> The problem
Your reply should hold every entry below exactly as written and none of the pictures.

Items from a data source:
►
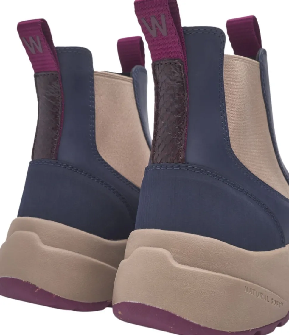 Siri er en slidstærk og vandtæt støvle lavet af 70% naturgummi med et elegant skridsikkert Design. Derudover er støvlen fremstillet af 30% Recycled og har flotte detaljer i fiskeskind på hælen. En karakteristisk track-sål fuldender støvlen for god komfort. Der er anvendt blødt Skum PU-skum til støvlens indersål, som både er let og stødabsorberende. Støvlens åndbarhed er sikret ved brug af en WODEN airflow fodseng og en ydersål baseret på vores Natural Soft teknologi, en teknologi designet til at sikre den bedst mulige komfort, hvilket gør Siri Waterproof til en behagelig vandtæt ledsager på farten. Støvlen har en EVA-Recycled med Natural Soft-teknologi, hvilket gør den vandtæt, let og slidstærk. Fiskeskindsdetaljerne, korksål med Airflow-system øger støvlens generelle komfort og kvalitet
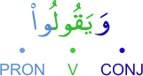 CONJ – prefixed conjunction wa (and) V – 3rd person masculine plural imperfect verb, subjunctive mood PRON – subject pronoun الواو عاطفة فعل مضارع منصوب والواو ضمير متصل في محل رفع فاعل
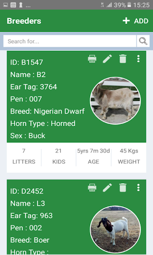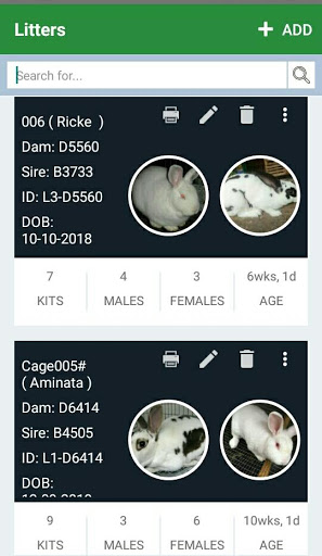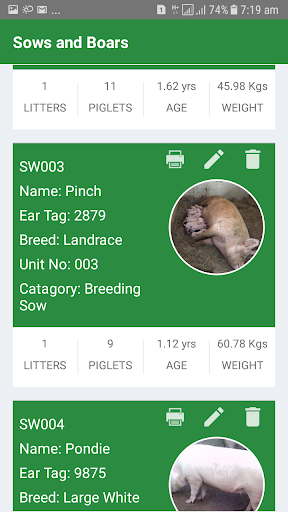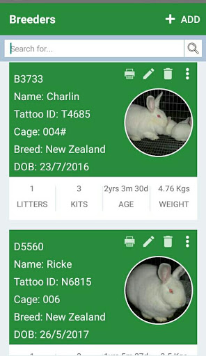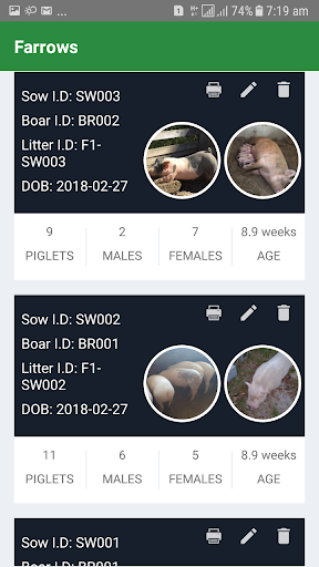 The farmer can print out farm records, like breeding, serving/mating, farrow/litter records, and can also print out Doe/Sow, Buck/Boar, medical and litter cards to track the records of each individual animal
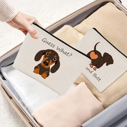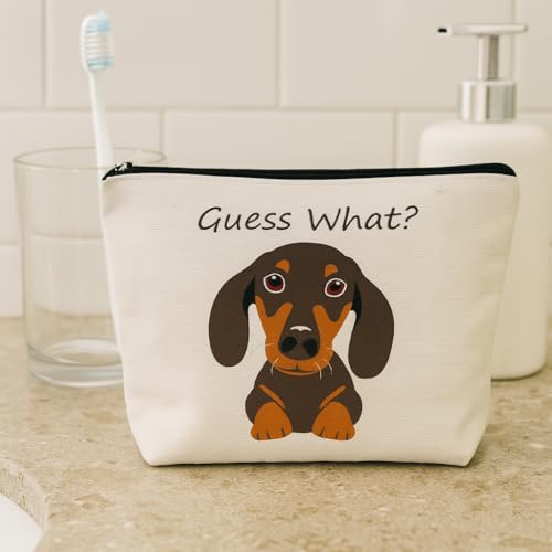 Suitable Size: 7.08” x 9.05” (18cm x 23cm), this dog makeup bag offers generous space without bulk. Enough capacity for many ordinary items, such as lipstick, wipes, lip balm and so on, portable easy to carry with you and store in your handbagPremium Material: The cosmetic bag is made of durable canvas fabric and featuring a smooth-gliding metal zipper, this lightweight yet rugged bag withstands daily wear while maintaining a luxe, easy-to-clean finishSpecial Design: Featuring an one-of-a-kind dachshund pattern with vibrant, eye-catching details, this dachshund makeup bag combines whimsy with practicality. Reinforced with double-layer fabric for extra durability and a smooth-gliding zipper, it’s as sturdy as it is charmingDachshund Gifts: This unique dachshund gift is perfect for birthday, Thanksgiving, Christmas, New Year, Valentine's Day for dachshund lovers, girlfriends, family, friends and colleagues because it combines humor, practicality and heartwarming designMulti-Purpose Versatility: This small bag can be used as makeup bag, toiletry bag, day bag, travel organizer, coin purse, carry-on bag, pencil case, purse, mobile phone bag, glasses bag, medicine bag, etc. Perfect for everyday use. superior materials and excellent craftsmanship ensure long-lasting durability.
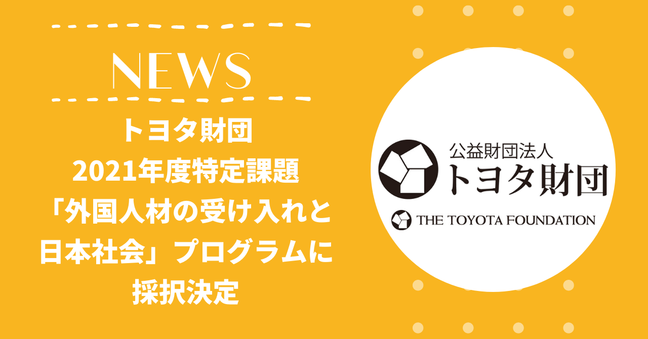 トヨタ財団2021年度特定課題「外国人材の受け入れと日本社会」プログラムに採択されました
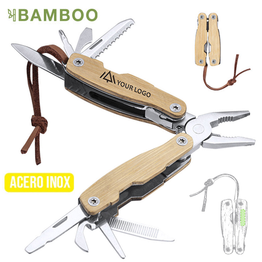 Multiherramienta con resistente cuerpo en acero inox y empuñadura de bambú, con 12 funciones. Incluye cuchillos y navajas destornilladores, limas abridores y alicates. Con cinta para transporte en polipiel y presentada en caja individual. 12 Funciones
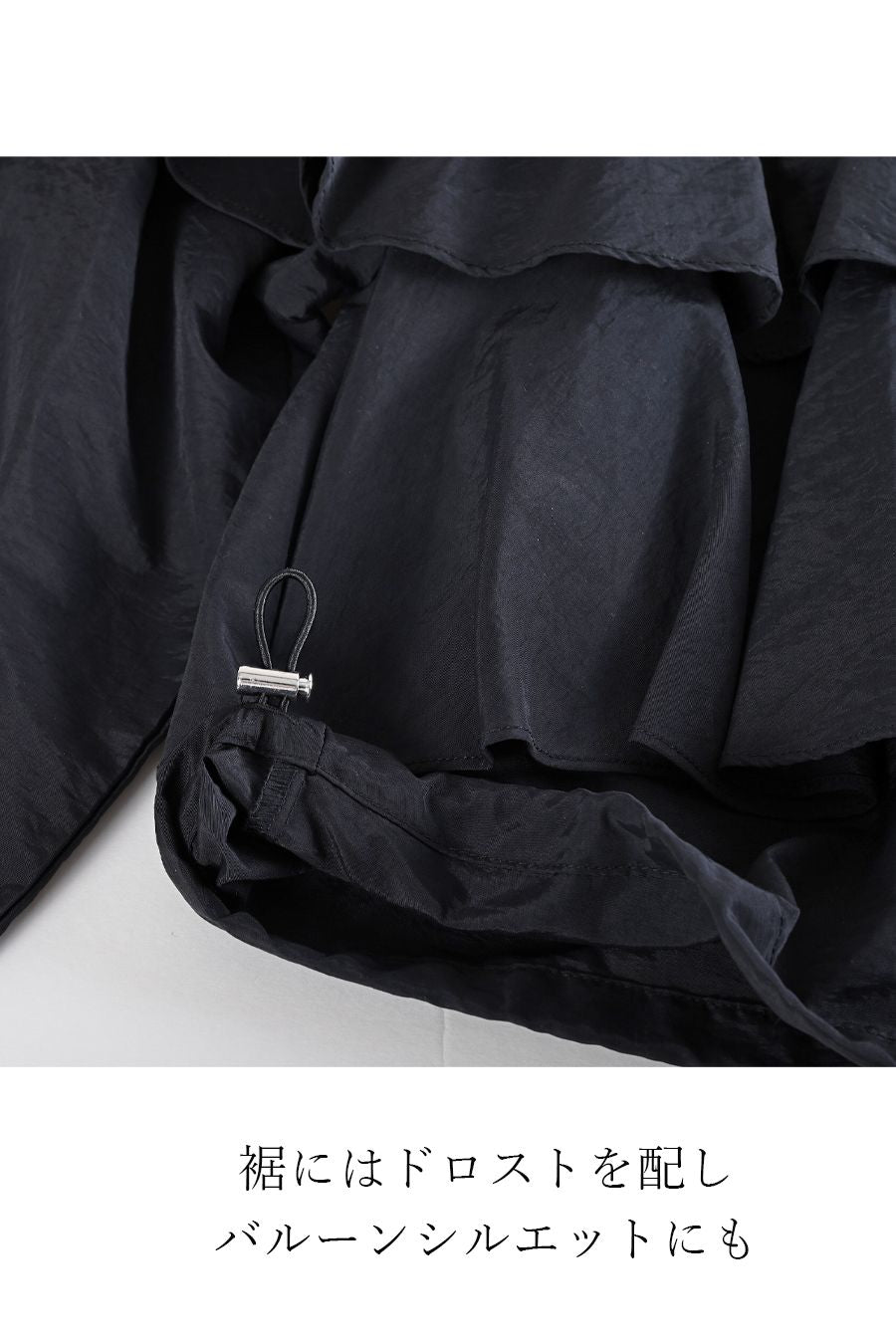 裾にはドロストを配しバルーンシルエットにも
◄
> Expected output
 Siri er en slidstærk og vandtæt støvle lavet af 70% naturgummi med et elegant skridsikkert Design. Derudover er støvlen fremstillet af 30% Recycled og har flotte detaljer i fiskeskind på hælen. En karakteristisk track-sål fuldender støvlen for god komfort. Der er anvendt blødt Skum PU-skum til støvlens indersål, som både er let og stødabsorberende. Støvlens åndbarhed er sikret ved brug af en WODEN airflow fodseng og en ydersål baseret på vores Natural Soft teknologi, en teknologi designet til at sikre den bedst mulige komfort, hvilket gør Siri Waterproof til en behagelig vandtæt ledsager på farten. Støvlen har en EVA-Recycled med Natural Soft-teknologi, hvilket gør den vandtæt, let og slidstærk. Fiskeskindsdetaljerne, korksål med Airflow-system øger støvlens generelle komfort og kvalitet
 CONJ – prefixed conjunction wa (and) V – 3rd person masculine plural imperfect verb, subjunctive mood PRON – subject pronoun الواو عاطفة فعل مضارع منصوب والواو ضمير متصل في محل رفع فاعل
 The farmer can print out farm records, like breeding, serving/mating, farrow/litter records, and can also print out Doe/Sow, Buck/Boar, medical and litter cards to track the records of each individual animal
 Suitable Size: 7.08” x 9.05” (18cm x 23cm), this dog makeup bag offers generous space without bulk. Enough capacity for many ordinary items, such as lipstick, wipes, lip balm and so on, portable easy to carry with you and store in your handbagPremium Material: The cosmetic bag is made of durable canvas fabric and featuring a smooth-gliding metal zipper, this lightweight yet rugged bag withstands daily wear while maintaining a luxe, easy-to-clean finishSpecial Design: Featuring an one-of-a-kind dachshund pattern with vibrant, eye-catching details, this dachshund makeup bag combines whimsy with practicality. Reinforced with double-layer fabric for extra durability and a smooth-gliding zipper, it’s as sturdy as it is charmingDachshund Gifts: This unique dachshund gift is perfect for birthday, Thanksgiving, Christmas, New Year, Valentine's Day for dachshund lovers, girlfriends, family, friends and colleagues because it combines humor, practicality and heartwarming designMulti-Purpose Versatility: This small bag can be used as makeup bag, toiletry bag, day bag, travel organizer, coin purse, carry-on bag, pencil case, purse, mobile phone bag, glasses bag, medicine bag, etc. Perfect for everyday use. superior materials and excellent craftsmanship ensure long-lasting durability.
 トヨタ財団2021年度特定課題「外国人材の受け入れと日本社会」プログラムに採択されました
 Multiherramienta con resistente cuerpo en acero inox y empuñadura de bambú, con 12 funciones. Incluye cuchillos y navajas destornilladores, limas abridores y alicates. Con cinta para transporte en polipiel y presentada en caja individual. 12 Funciones
 裾にはドロストを配しバルーンシルエットにも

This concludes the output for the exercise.